EXERCISE REQUIREMENTS.
The material below holds the lines to copy: from the one with "V patře je hlavní" up to and including the one with "واحدة من الاختلافات". Copy them exactly and skip the pictures.

==== MATERIAL PROVIDED

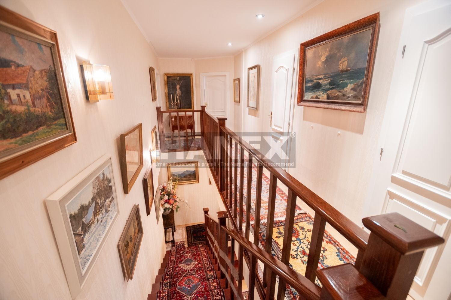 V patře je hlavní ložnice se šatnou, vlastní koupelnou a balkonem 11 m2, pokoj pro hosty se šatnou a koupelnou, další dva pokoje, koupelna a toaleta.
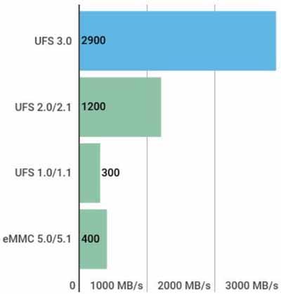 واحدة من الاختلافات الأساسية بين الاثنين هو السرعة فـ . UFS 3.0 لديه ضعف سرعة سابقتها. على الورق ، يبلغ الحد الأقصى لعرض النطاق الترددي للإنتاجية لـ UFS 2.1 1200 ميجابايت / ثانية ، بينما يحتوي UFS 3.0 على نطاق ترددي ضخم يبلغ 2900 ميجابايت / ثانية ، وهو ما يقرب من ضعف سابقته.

========
==== MATERIAL PROVIDED

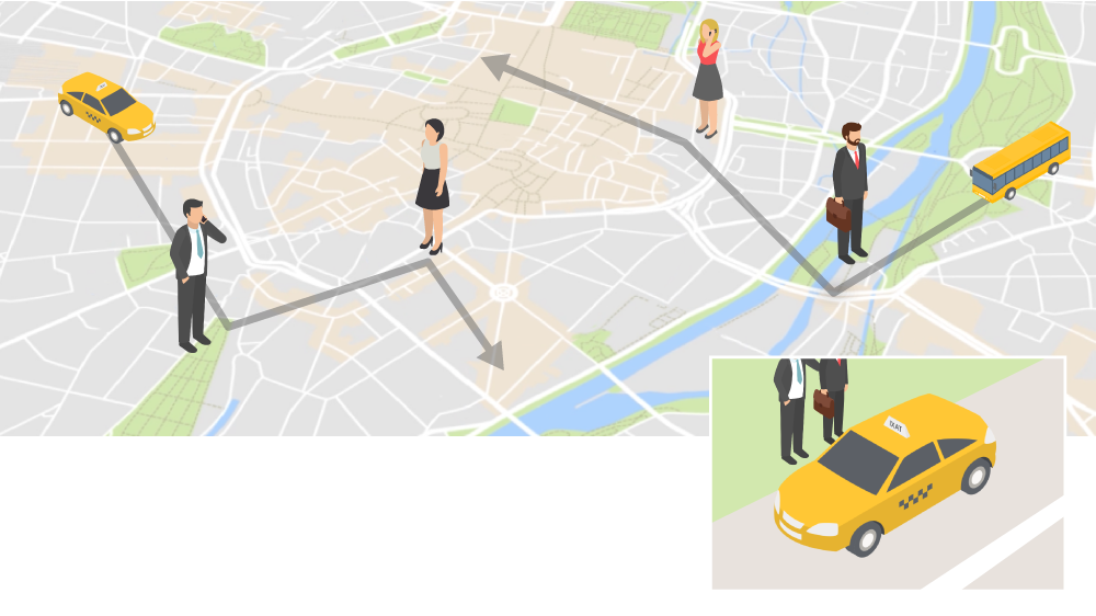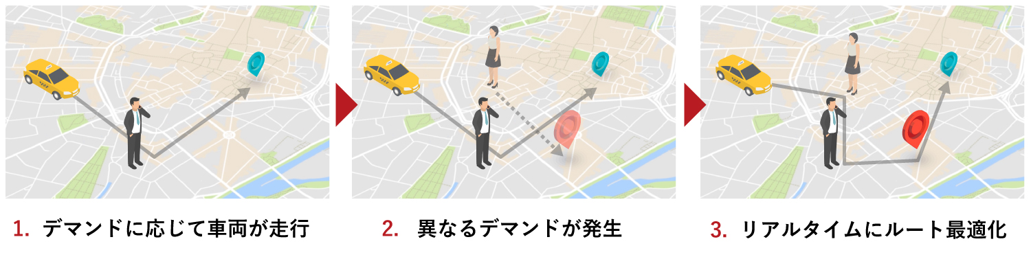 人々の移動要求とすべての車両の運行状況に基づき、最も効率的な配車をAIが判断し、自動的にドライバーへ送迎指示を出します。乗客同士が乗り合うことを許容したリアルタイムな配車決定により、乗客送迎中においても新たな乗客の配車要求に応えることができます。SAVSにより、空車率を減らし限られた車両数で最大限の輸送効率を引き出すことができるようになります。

========
==== MATERIAL PROVIDED

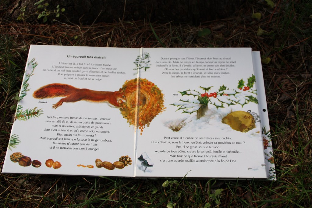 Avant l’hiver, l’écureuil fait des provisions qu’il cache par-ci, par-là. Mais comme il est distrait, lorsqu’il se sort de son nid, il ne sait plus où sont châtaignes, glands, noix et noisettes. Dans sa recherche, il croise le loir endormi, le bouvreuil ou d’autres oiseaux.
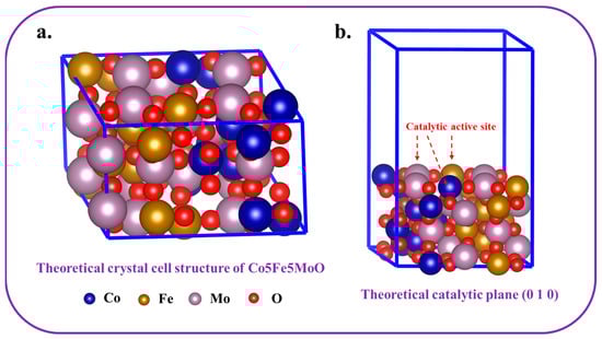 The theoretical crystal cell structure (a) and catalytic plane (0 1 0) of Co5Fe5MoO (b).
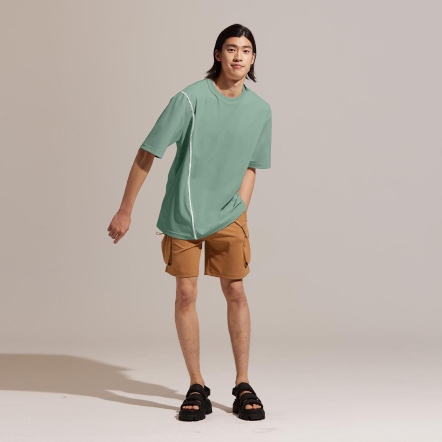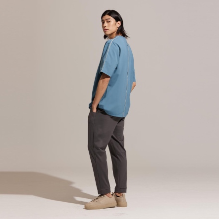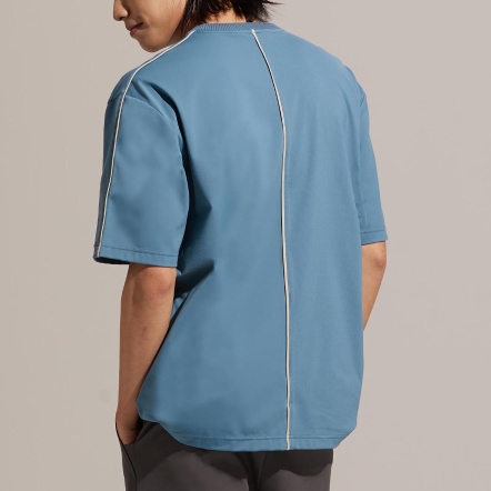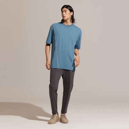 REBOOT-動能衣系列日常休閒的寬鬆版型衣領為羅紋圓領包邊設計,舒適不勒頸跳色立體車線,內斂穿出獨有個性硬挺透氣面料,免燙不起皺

========

ANSWER TO THIS TASK.
 V patře je hlavní ložnice se šatnou, vlastní koupelnou a balkonem 11 m2, pokoj pro hosty se šatnou a koupelnou, další dva pokoje, koupelna a toaleta.
 واحدة من الاختلافات الأساسية بين الاثنين هو السرعة فـ . UFS 3.0 لديه ضعف سرعة سابقتها. على الورق ، يبلغ الحد الأقصى لعرض النطاق الترددي للإنتاجية لـ UFS 2.1 1200 ميجابايت / ثانية ، بينما يحتوي UFS 3.0 على نطاق ترددي ضخم يبلغ 2900 ميجابايت / ثانية ، وهو ما يقرب من ضعف سابقته.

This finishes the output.